I have given all the required permissions. Some of the permissions are extra and may not be required. I gave the permissions to check if those permissions are the reason why I am getting the error but nothing changed.

I have also checked the token I am getting on jwt.io. I am getting the following roles

 "roles": [
     "Mail.ReadWrite",
     "User.ReadWrite.All",
     "Mail.ReadBasic.All",
     "User.Read.All",
     "Mail.Read",
     "Mail.Send",
     "Mail.ReadBasic"
  ],

I don't see any issue with the code or with the permissions that I have given but I am still missing something which I am unable to figure out. The reason why I say this is because when I tried to get user information by calling the api - https://graph.microsoft.com/v1.0/users, I get the users information as below.

value = [
{
    "businessPhones": [],
    "displayName": "user display name",
    "givenName": "user first name",
    "jobTitle": null,
    "mail": null,
    "mobilePhone": null,
    "officeLocation": null,
    "preferredLanguage": "en",
    "surname": "user last name",
    "userPrincipalName": "user information",
    "id": "user id"
    }
  ]

Any help is appreciated

Answer 1

This is because your Azure AD tenant does not have an Exchange online license under the O365 subscription. As a result, your tenant does not have the ability to send Email messages.

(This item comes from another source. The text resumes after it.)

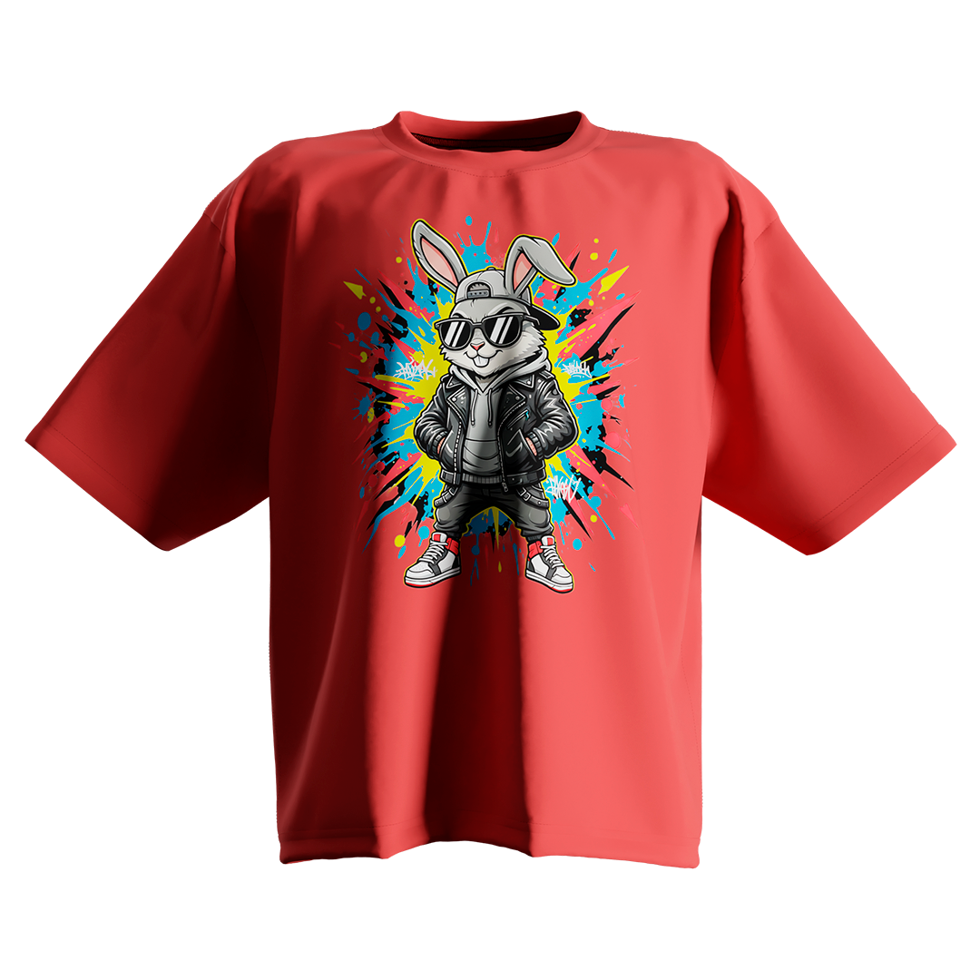 Camiseta Oversized Bunny Glitch Vermelha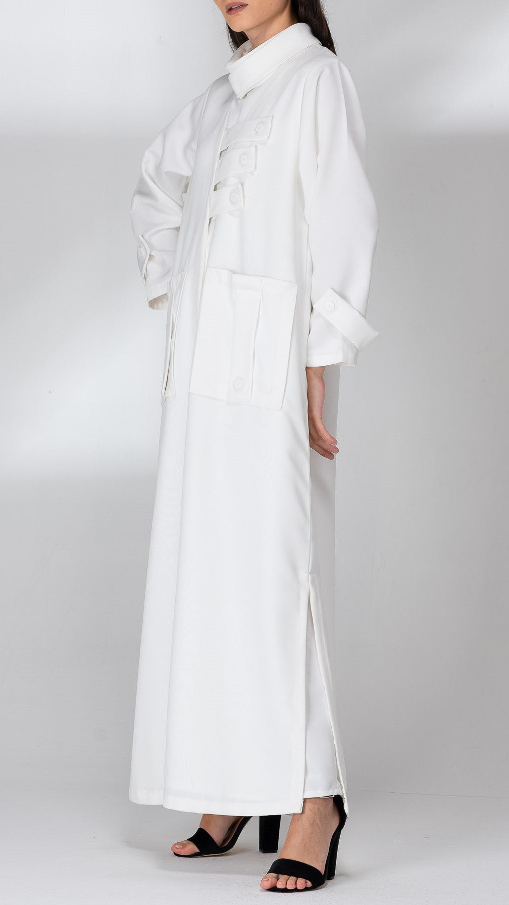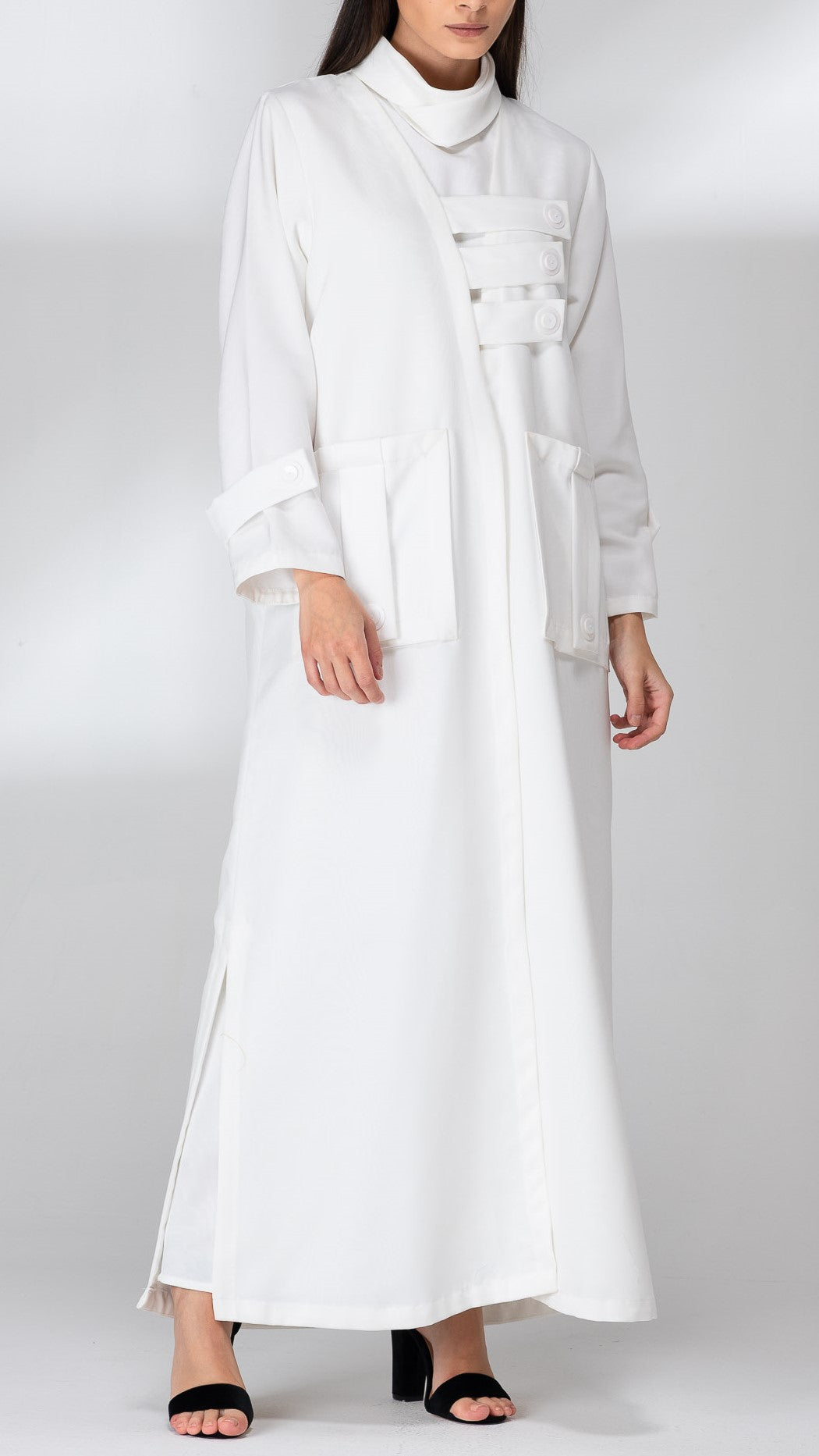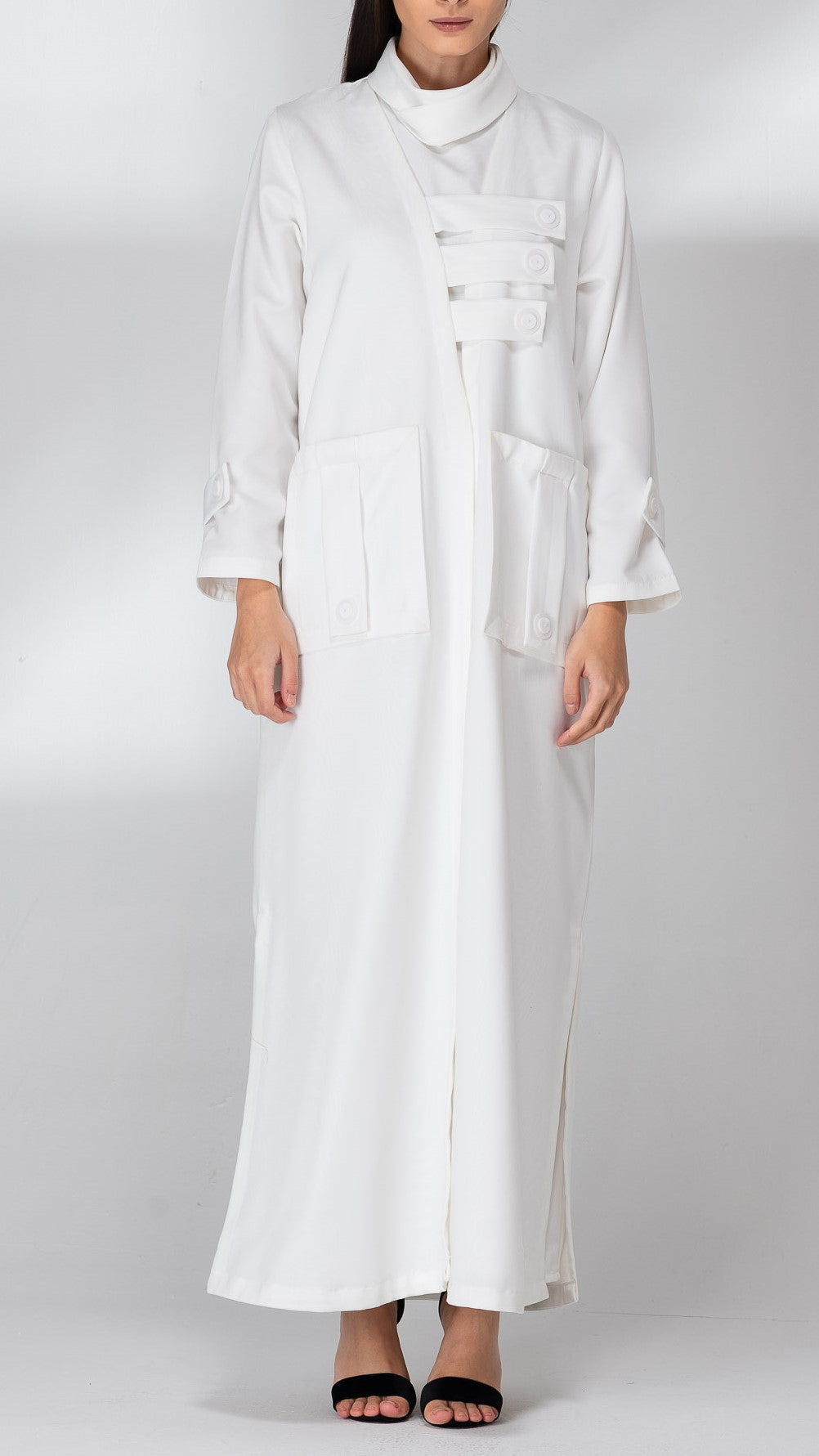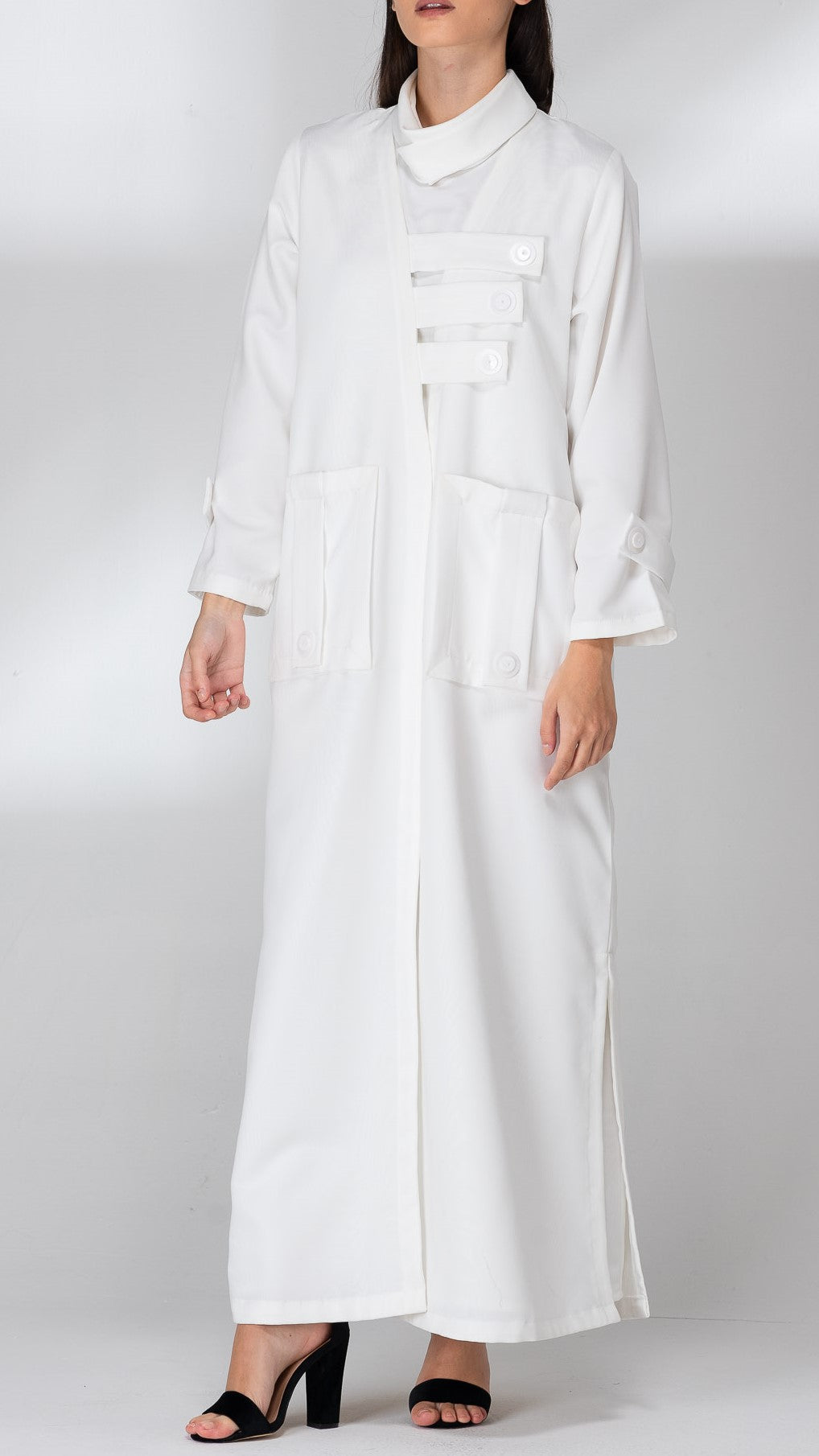 A classic white abaya with white straps on the chest and pockets made with the same fabric. Open abaya from the bottom on both sides. Suitable for daily wear.

If you have an o365 subscription, you'll see it here.

1.

2.

3.

Answer 2

@Chauncy Zhou was absolutely right with the solution. But there are a couple of things you need to do if you are an individual because you will not get Office 365 license in your azure account as an individual. I created a Developer.Microsoft.com account and then I used that account to create a new Azure account where I was able to add the license for Office for the Active Directory and that user. Rest of the code is already there and it works fine.